(Beginning of Material for this task)

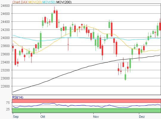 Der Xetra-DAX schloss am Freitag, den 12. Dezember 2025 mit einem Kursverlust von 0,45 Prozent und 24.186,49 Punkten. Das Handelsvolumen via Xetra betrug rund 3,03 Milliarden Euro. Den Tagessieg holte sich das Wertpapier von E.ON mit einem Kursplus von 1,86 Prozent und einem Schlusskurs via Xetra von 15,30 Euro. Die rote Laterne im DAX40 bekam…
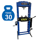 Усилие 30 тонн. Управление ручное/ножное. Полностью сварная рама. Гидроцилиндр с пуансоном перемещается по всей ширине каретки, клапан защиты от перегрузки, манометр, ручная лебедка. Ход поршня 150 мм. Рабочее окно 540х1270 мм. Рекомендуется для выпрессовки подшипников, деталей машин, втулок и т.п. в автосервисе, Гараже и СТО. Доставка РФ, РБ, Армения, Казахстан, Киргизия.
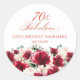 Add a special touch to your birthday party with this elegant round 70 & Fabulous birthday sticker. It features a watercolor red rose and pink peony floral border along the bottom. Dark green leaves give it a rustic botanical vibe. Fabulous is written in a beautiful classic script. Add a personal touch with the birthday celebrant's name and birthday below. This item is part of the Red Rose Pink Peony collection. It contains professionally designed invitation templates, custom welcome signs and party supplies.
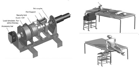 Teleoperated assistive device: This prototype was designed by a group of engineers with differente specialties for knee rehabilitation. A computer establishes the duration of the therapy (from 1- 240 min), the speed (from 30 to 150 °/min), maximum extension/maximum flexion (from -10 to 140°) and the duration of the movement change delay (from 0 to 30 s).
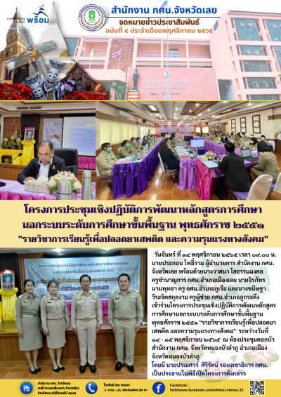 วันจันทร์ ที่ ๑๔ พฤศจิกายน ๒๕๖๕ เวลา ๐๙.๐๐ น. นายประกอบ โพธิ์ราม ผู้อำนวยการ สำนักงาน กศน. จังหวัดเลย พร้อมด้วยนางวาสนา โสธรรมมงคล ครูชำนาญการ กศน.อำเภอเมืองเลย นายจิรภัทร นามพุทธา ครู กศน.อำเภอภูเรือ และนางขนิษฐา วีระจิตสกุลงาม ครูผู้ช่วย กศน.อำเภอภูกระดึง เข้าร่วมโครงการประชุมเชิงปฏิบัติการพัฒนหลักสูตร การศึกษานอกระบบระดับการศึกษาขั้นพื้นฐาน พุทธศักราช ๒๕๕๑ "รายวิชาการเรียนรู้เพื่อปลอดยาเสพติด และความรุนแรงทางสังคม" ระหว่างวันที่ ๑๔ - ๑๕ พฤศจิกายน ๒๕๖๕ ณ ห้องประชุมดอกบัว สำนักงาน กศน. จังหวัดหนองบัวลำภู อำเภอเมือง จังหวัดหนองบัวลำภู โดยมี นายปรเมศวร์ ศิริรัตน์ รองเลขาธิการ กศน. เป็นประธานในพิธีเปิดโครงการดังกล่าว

(End of Material for this task)
(Beginning of Material for this task)

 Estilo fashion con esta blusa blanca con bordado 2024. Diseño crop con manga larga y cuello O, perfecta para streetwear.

(End of Material for this task)

Problem:
What belongs in the answer is each line above from the line with "Der Xetra-DAX schloss" to the line with "Усилие 30 тонн.", inclusive, reproduced exactly and free of pictures.

Answer space:
 Der Xetra-DAX schloss am Freitag, den 12. Dezember 2025 mit einem Kursverlust von 0,45 Prozent und 24.186,49 Punkten. Das Handelsvolumen via Xetra betrug rund 3,03 Milliarden Euro. Den Tagessieg holte sich das Wertpapier von E.ON mit einem Kursplus von 1,86 Prozent und einem Schlusskurs via Xetra von 15,30 Euro. Die rote Laterne im DAX40 bekam…
 Усилие 30 тонн. Управление ручное/ножное. Полностью сварная рама. Гидроцилиндр с пуансоном перемещается по всей ширине каретки, клапан защиты от перегрузки, манометр, ручная лебедка. Ход поршня 150 мм. Рабочее окно 540х1270 мм. Рекомендуется для выпрессовки подшипников, деталей машин, втулок и т.п. в автосервисе, Гараже и СТО. Доставка РФ, РБ, Армения, Казахстан, Киргизия.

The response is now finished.